DELETE FROM fact_table
WHERE date_key < 19990101



The cost of executing this statement can be very large and may take more time than the load process of the same table. Instead, for partitioned tables, the administrator redefined the UNION all view to exclude the oldest table and then remove the table from the database (assuming that the table was backed up), which can be done almost instantaneously.



We will discuss later that the cost of maintaining partitioned tables is also high. If data pruning is the only reason for partitioning, designers should consider deleting old data in a table that has never been partitioned in the form of data decomposition. Run a script that deletes 1000 rows at a time (with the "SET ROWCOUNT 1000" command) on a low priority process until all the data you want to delete is deleted. The technology can be used effectively on large systems, more directly than creating the necessary zoning management system. Depending on the load and system usage, the technology is appropriate for some systems and should be considered for benchmarking on the system.





Related Article

Contact Us

The content source of this page is from Internet, which doesn't represent Alibaba Cloud's opinion; products and services mentioned on that page don't have any relationship with Alibaba Cloud. If the content of the page makes you feel confusing, please write us an email, we will handle the problem within 5 days after receiving your email.

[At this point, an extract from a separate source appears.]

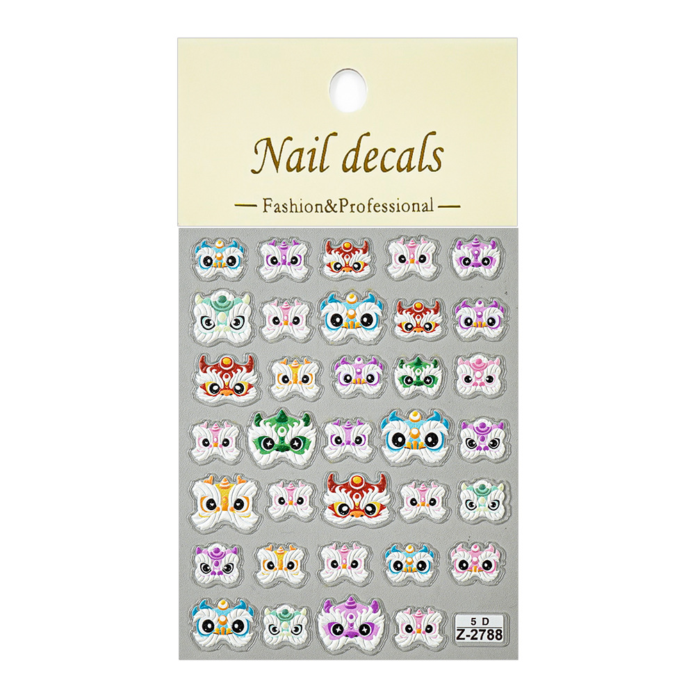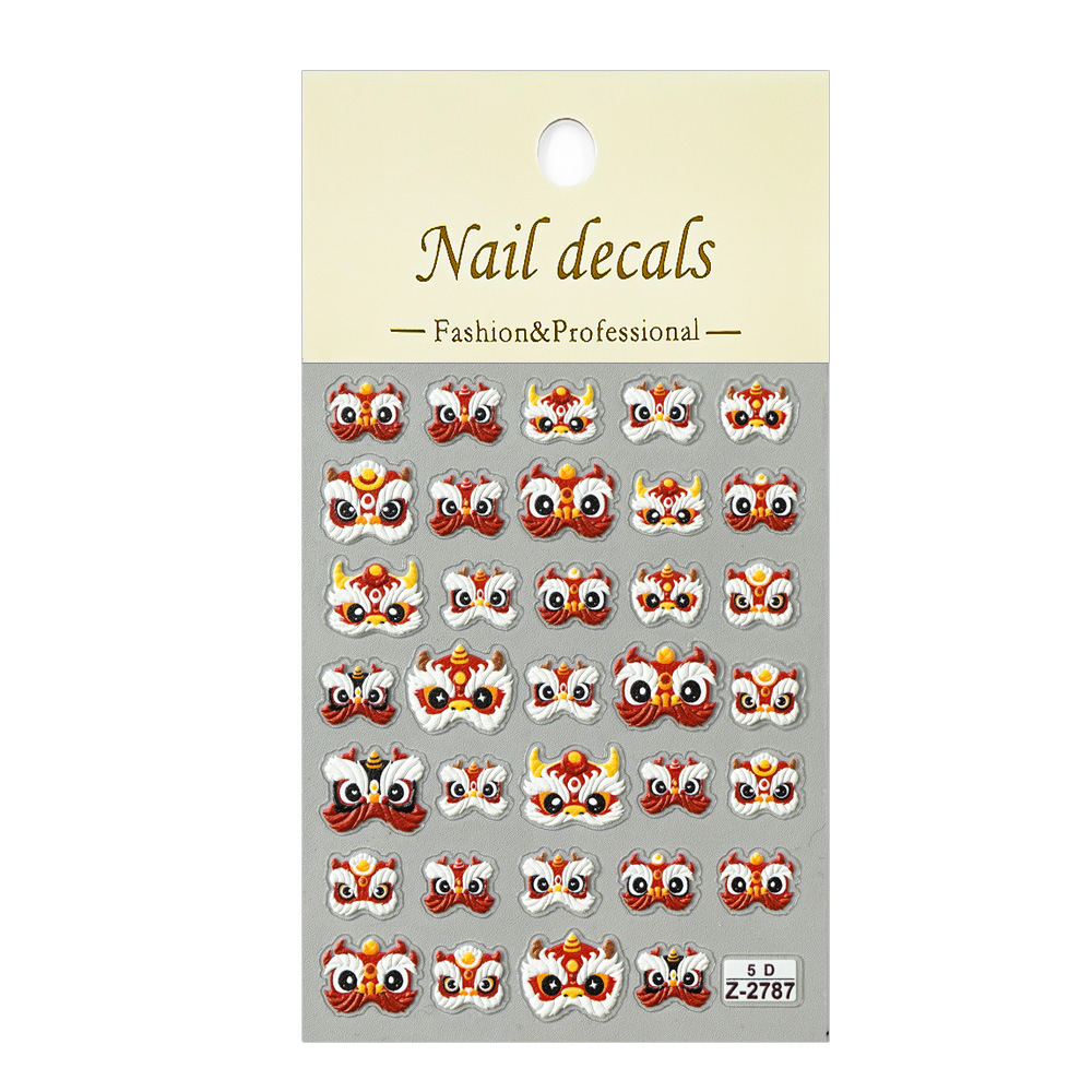 Redanco 새로운 5D 릴리프 그물 빨간 네일 스티커 새해 사자 춤 3 차원 접착 네일 스티커 Z-2787스토어 가기

If you find any instances of plagiarism from the community, please send an email to: info-contact@alibabacloud.com and provide relevant evidence. A staff member will contact you within 5 working days.

A Free Trial That Lets You Build Big!

Start building with 50+ products and up to 12 months usage for Elastic Compute Service

  • Sales Support

    1 on 1 presale consultation

  • After-Sales Support

    24/7 Technical Support 6 Free Tickets per Quarter Faster Response

  • Alibaba Cloud offers highly flexible support services tailored to meet your exact needs.